PROMPT => Only one stretch of the data below is needed. Output the lines from the one with "今年受欢迎的不只是马社火的袍" up to and including the one with "賬套初始化一般用于在正式使用", exactly as they stand.

DATA SHOWN =>
——————
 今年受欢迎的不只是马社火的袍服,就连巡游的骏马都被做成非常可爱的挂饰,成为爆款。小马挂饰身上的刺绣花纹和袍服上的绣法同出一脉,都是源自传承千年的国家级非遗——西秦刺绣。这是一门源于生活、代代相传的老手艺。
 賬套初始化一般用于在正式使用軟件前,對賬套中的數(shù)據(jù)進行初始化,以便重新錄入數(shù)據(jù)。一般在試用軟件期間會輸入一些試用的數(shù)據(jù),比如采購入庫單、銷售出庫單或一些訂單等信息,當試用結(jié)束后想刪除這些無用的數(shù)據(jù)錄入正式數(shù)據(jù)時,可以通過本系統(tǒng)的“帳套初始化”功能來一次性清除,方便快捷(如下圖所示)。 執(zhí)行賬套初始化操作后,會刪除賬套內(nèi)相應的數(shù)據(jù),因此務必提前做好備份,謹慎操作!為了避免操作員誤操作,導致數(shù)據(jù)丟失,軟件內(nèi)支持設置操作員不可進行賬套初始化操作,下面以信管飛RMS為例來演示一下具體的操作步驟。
——————
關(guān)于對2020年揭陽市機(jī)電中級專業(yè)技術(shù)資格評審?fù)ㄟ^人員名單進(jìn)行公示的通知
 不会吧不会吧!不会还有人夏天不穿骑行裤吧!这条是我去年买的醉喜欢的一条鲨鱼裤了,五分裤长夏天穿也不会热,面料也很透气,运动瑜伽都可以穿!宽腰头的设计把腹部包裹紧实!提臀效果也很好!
——————
SOLUTION TO THIS TASK =>
 今年受欢迎的不只是马社火的袍服,就连巡游的骏马都被做成非常可爱的挂饰,成为爆款。小马挂饰身上的刺绣花纹和袍服上的绣法同出一脉,都是源自传承千年的国家级非遗——西秦刺绣。这是一门源于生活、代代相传的老手艺。
 賬套初始化一般用于在正式使用軟件前,對賬套中的數(shù)據(jù)進行初始化,以便重新錄入數(shù)據(jù)。一般在試用軟件期間會輸入一些試用的數(shù)據(jù),比如采購入庫單、銷售出庫單或一些訂單等信息,當試用結(jié)束后想刪除這些無用的數(shù)據(jù)錄入正式數(shù)據(jù)時,可以通過本系統(tǒng)的“帳套初始化”功能來一次性清除,方便快捷(如下圖所示)。 執(zhí)行賬套初始化操作后,會刪除賬套內(nèi)相應的數(shù)據(jù),因此務必提前做好備份,謹慎操作!為了避免操作員誤操作,導致數(shù)據(jù)丟失,軟件內(nèi)支持設置操作員不可進行賬套初始化操作,下面以信管飛RMS為例來演示一下具體的操作步驟。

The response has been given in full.